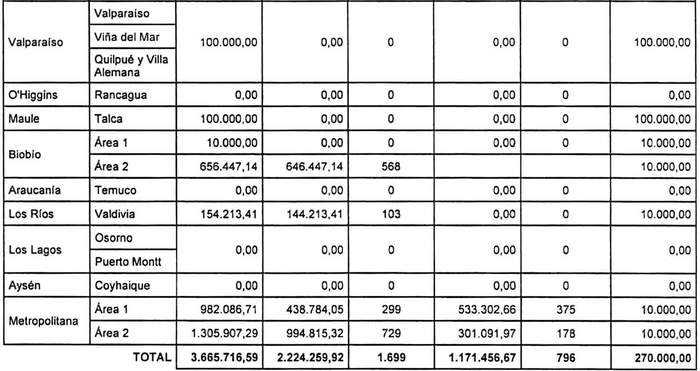 4. Los recursos comprometidos para los proyectos seleccionados en el concurso a que se llamó por resolución exenta N°504 (V. y U.), de 2022, cuyos cierres de postulación se efectuaron los días 2 de junio y 2 de agosto de 2022, se resumen en el siguiente cuadro para cada región del país, según corresponda, incluyendo la suma total de familias beneficiadas y Unidades de Fomento comprometidas, considerando los montos de subsidio de los proyectos, incluidos sus respectivos Servicios de Asistencia Técnica, Fiscalización Técnica de Obras y aranceles del Conservador de Bienes Raíces:
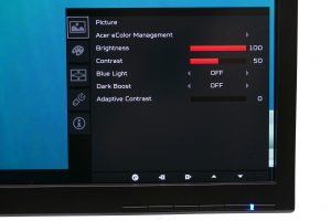 The Acer eColor Management option offers up five shortcut options for changing the over settings of the monitor, with choices of User, Eco, Standard, Graphics and Movie. We never saw a need to change this from the default user option.
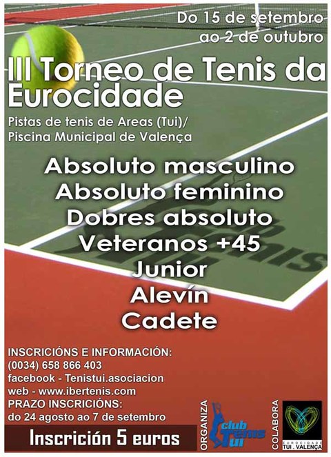 Dende o pasado mércores, 24 de agosto, e até o mércores 7 de setembro permanecerán abertas as inscricións para o "III Torneo de Tenis da Eurocidade", que novamente organiza o Club Tenis Tui, coa colaboración da Eurocidade Tui-Valença. Este torneo disputarase nas pistas de tenis de Areas, en Tui, e nas pistas de tenis da piscina municipal de Valença, dende o 15 de setembro ata o 2 de outubro.
------------------------------------------------
## What the exercise asks
Every line of the listing is to be repeated exactly, and the pictures are to be dropped.

## Expected answer
 4. Los recursos comprometidos para los proyectos seleccionados en el concurso a que se llamó por resolución exenta N°504 (V. y U.), de 2022, cuyos cierres de postulación se efectuaron los días 2 de junio y 2 de agosto de 2022, se resumen en el siguiente cuadro para cada región del país, según corresponda, incluyendo la suma total de familias beneficiadas y Unidades de Fomento comprometidas, considerando los montos de subsidio de los proyectos, incluidos sus respectivos Servicios de Asistencia Técnica, Fiscalización Técnica de Obras y aranceles del Conservador de Bienes Raíces:
 The Acer eColor Management option offers up five shortcut options for changing the over settings of the monitor, with choices of User, Eco, Standard, Graphics and Movie. We never saw a need to change this from the default user option.
 Dende o pasado mércores, 24 de agosto, e até o mércores 7 de setembro permanecerán abertas as inscricións para o "III Torneo de Tenis da Eurocidade", que novamente organiza o Club Tenis Tui, coa colaboración da Eurocidade Tui-Valença. Este torneo disputarase nas pistas de tenis de Areas, en Tui, e nas pistas de tenis da piscina municipal de Valença, dende o 15 de setembro ata o 2 de outubro.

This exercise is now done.